I’ll have to tell the children something soon. The weight of my own secret lies like a stone in my belly. I’ll have to tell them a lot of things soon.
‘Are we sti
ll going?’ Molly’s voice is soft and whiny.
‘Of course,’ I smile. ‘Now stay still and let me pop this face paint on.’ I run the cotton-wool ball over Molly’s skin until her whole face is a pale green. It’s a washed-out version of a witch but Molly grins when she looks in the mirror and that’s enough for me.
I grab the house phone from its holder and June answers on the second ring.
‘Say no more,’ June says when I explain about Elise. ‘I’ll be around in five.’ Her voice is so full of joy, it’s as though I’ve just invited her on an all-inclusive holiday to the Caribbean. June has been a rock to me this past week. I think about what she said about my closeness to Dean. If you’d developed a friendship with a woman … would you have questioned whether we were having an affair? Now I wish it had been June I’d been close to.
She hangs up and I turn back to Elise who is pulling an ‘I don’t need a babysitter’ face, but she says nothing. The battle is already won and I smile gratefully and kiss the top of her head.
‘We’ll only be an hour. We’re just going to do the estate.’
‘And Olivia’s house,’ Molly says. ‘We have to do Olivia’s house.’
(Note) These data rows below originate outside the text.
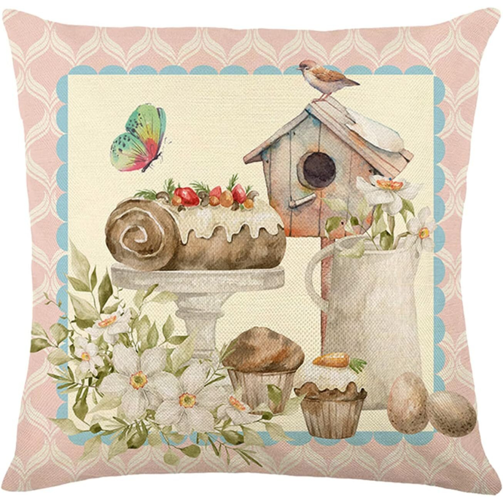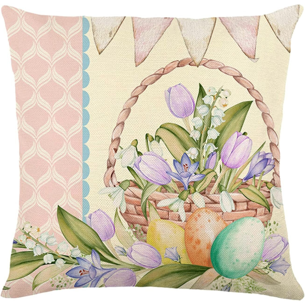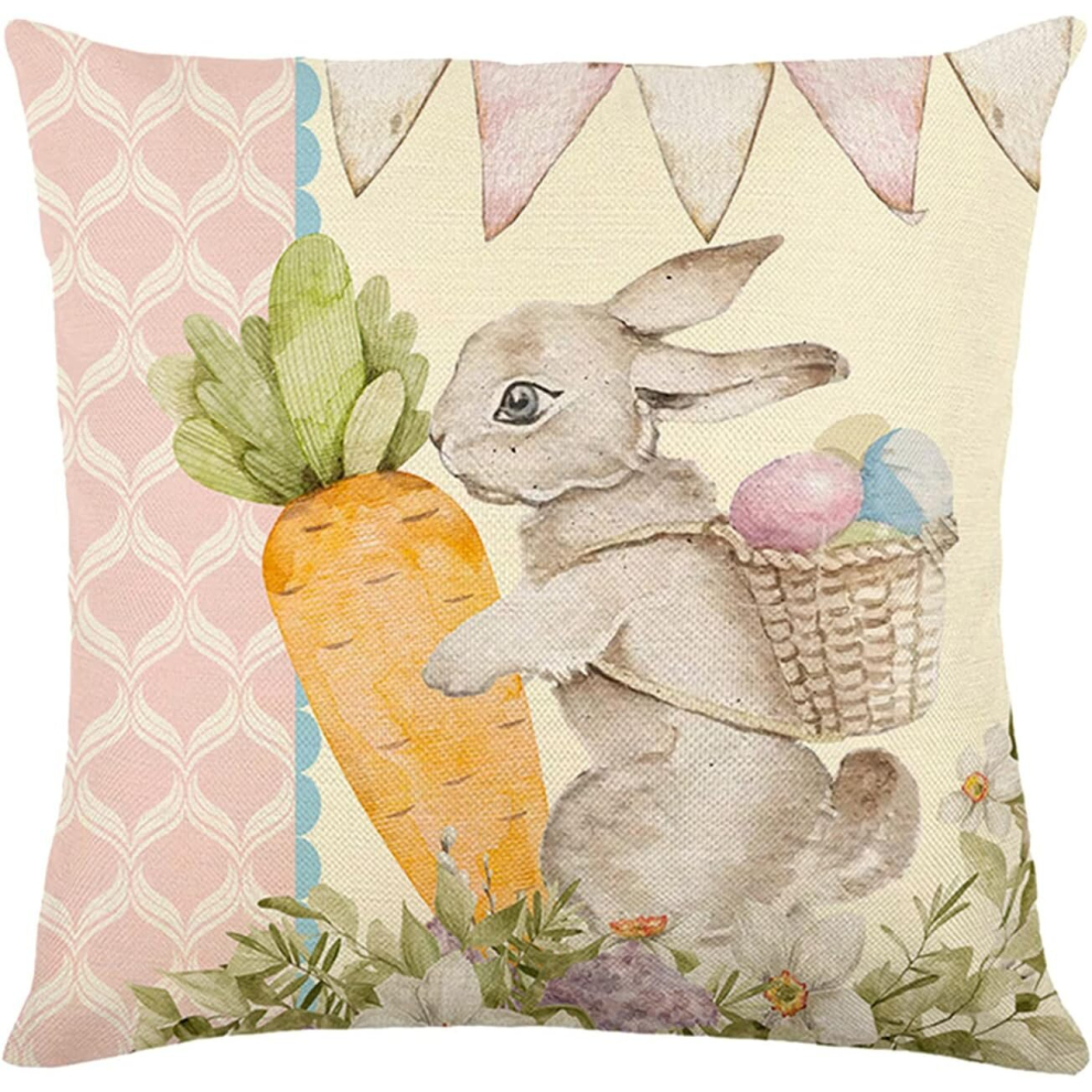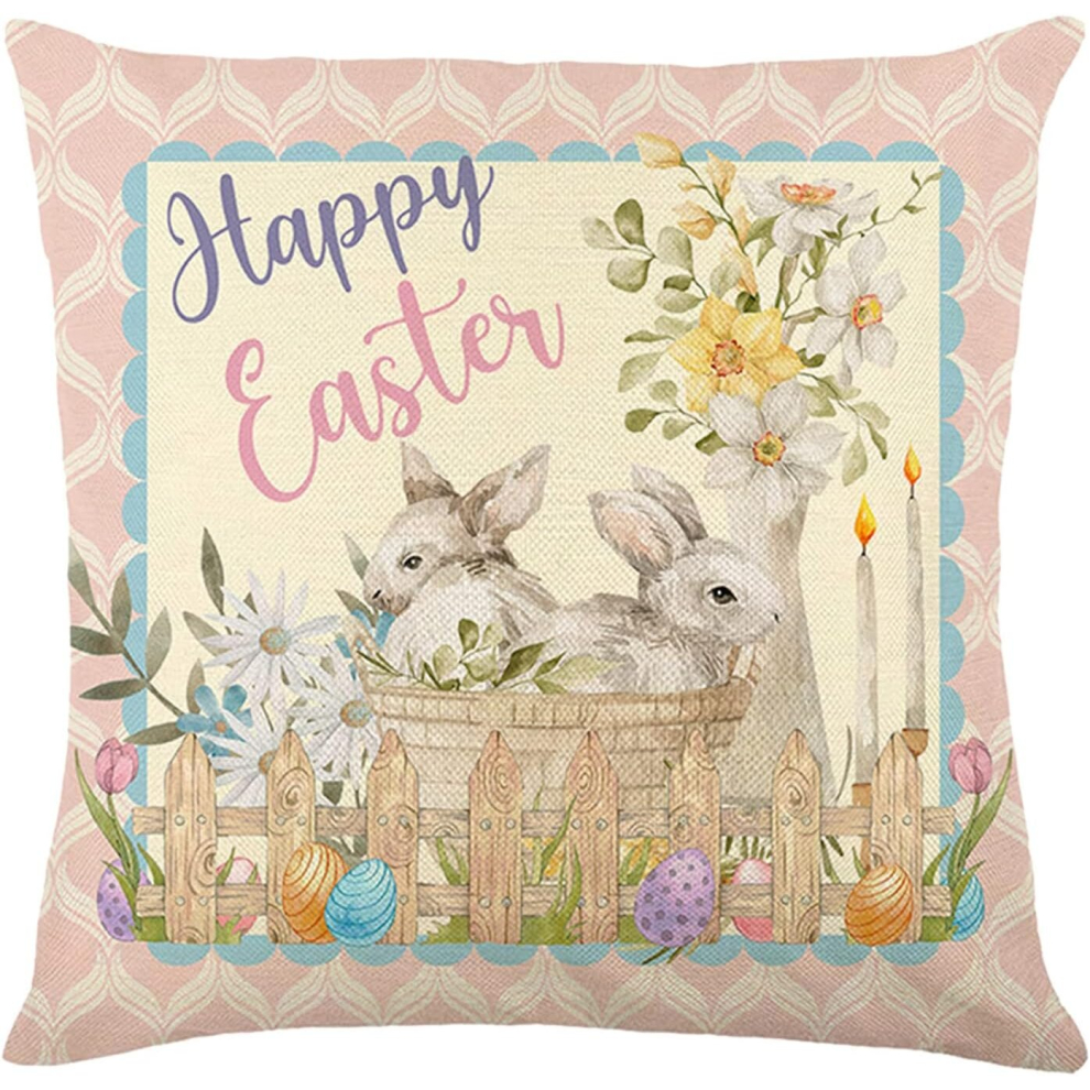 Happy Easter Throw Pillow Covers 18x18 Easter Bunny Egg Spring Home Decor for Couch Teal Decorative Pillows (D, One Size)
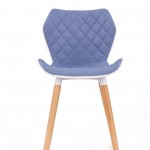 Scaun tapitat cu stofa si piele ecologica, cu picioare din lemn, Kai-277 Albastru Deschis / Alb / Natural, l48xA51xH76 cm
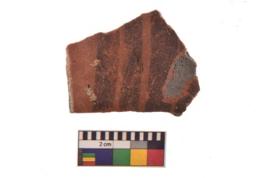 | Description / विवरण | Specimen of Potsherd black on red painted pottery. It is fine fabric in sharp contrast with painted design are executed in black pigment. |
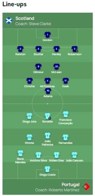 10月16日讯 欧国联A联赛第4轮,葡萄牙客场对阵苏格兰。赛前,官方公布了本场的首发名单。
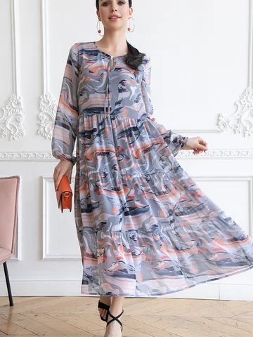 Платье свободного силуэта из шифона. Платье на подкладе. Втачные длинные рукава. Платье без застежки.

‘Of course.’ I cringe inwardly. Tracy is the last person I want to see. I wonder briefly if it’s too late to hide behind a costume.
‘Mum, it’s five. Can I go? I can see Sandra on the corner with the others,’ Harrie says, her voice muffled by the mask.
‘I thought you were meeting at five thirty? I was going to walk with you.’ I glance around for my phone to check the messages but it’s hiding somewhere in the mess. I’m trying not to think about the secret group, their gossip about Harrie and Elise. Kat and Tracy have texted a few times, but I’ve ignored them. They’ve simultaneously managed to apologize and tell me it’s no big deal and not what I think. Silly Anna worrying again. I can’t ignore them forever, but it’s something else that can wait until Monday.
‘Mum?’ Harrie says. ‘It’s definitely five. I can see them.’
‘We just need a few minutes,’ I say, grabbing Molly’s witch dress from the kitchen table.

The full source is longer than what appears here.